微細な粒になった二酸化珪素が太陽の光のうち青い色だけ散乱させるため、お湯の色は青白く見える。底には白い砂でもしかれているのかと思ったが、真っ黒な火山性の砂が敷き詰められている。露天風呂の真ん中へ行くと湯面が首の辺りまでくるくらい深くなる。世界一大きい露天風呂だけあって、場所によって温度にかなりのムラがある。あまり人が行かないところへ行くと誰も湯をかき回していないので、いつの間にかとても熱いお湯の中に入り込んでしまうことがあるので注意しよう。

 体が温まったら板張りの散歩道を歩いてみよう。10月下旬になると日本の真冬より寒いが、体が十分温まっているとそれほど寒さを感じない。オーロラが見えるだろうかと期待したが、やはり真冬でないと見られないようだ。北の空には北極星が真上に近いところで輝いている。北極星の高さはその土地の緯度と同じ高さになる。例えば日本の京都は北緯35度なので、北極星の高さも35度になる。一方、アイスランドのレイキャヴィークの緯度は64度なのでほとんど真上で輝いているのだ。アイスランドは周囲が広大な大西洋であるため、空気が非常に澄んでいて、夜空は星で埋め尽くされている。

氷河の下で噴火した火山・スタパフェトル

 ハフニールからケプラヴィークにもどる途中に右側に採石場へと続くゲートがある。扉は昼間開いているが夜は閉まってしまう。注意書きをよく読んで入ろう。ゲートを越えて平原を6キロほど走ると小高い丘が見えてくる。その丘はスタパフェトルという卓状火山で、今は採石場になっている。スタパフェトルを含め、アイスランドの火山の多くは一度しか噴火しない単成火山であるため、スタパフェトルはすでに活動していない。
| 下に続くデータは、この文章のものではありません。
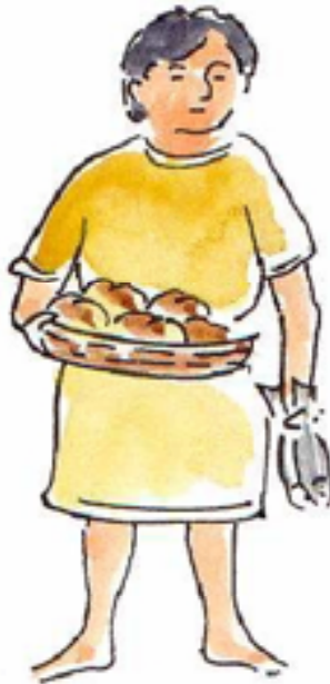
Loaves and Fishes

 卓状火山はその名のごとく机のように山頂部は平坦で、周囲が急な崖で取り囲まれた火山だ。英語ではtable mountain という。このタイプの火山は氷河の下でマグマが噴出して作られた。ちなみにスタパフェトルはアイスランド語でStapafellと書き、fellは「山」という意味で「フェトル」と読む。

卓状火山はこのようにしてできる(図8)。氷河の下で灼熱のマグマが噴出すると、氷が熱せられて水に変わる。その中にでた灼熱の溶岩は丸い枕のような形をした枕状溶岩となる。ハフニール付近で見た溶岩のように、本来スタパフェトルの溶岩も流れやすかった。しかし水の中に噴出した溶岩は急激に冷やされるため流れない。そのために急峻な崖を氷河の下に形成する。この時点で噴火が終わるとパラゴナイトリッジという細長い山脈になる。

さらに噴火が続くと溶岩は氷河が溶けてできた氷河湖の水面近くに達して、熱せられた水が水蒸気爆発を起こして大量の火山灰を噴出する。このときに枕状溶岩の上に火山灰が降り積もっていく。そして山体が水面に出るくらい成長すると溶岩は水平に流れ、平坦な山頂を形成する。

 氷河期が終わり温暖な気候に変わって氷河が融けてなくなると、あとにはテーブルのような形をした卓状火山が残るというわけである。

1万数千年前まで地球は氷河期にあり、アイスランドは全土が氷河に覆われていた。アイスランドには各地に山頂が平坦な山を見ることができる。すべてではないが、その多くがこのように氷河の下で作られた卓上火山である。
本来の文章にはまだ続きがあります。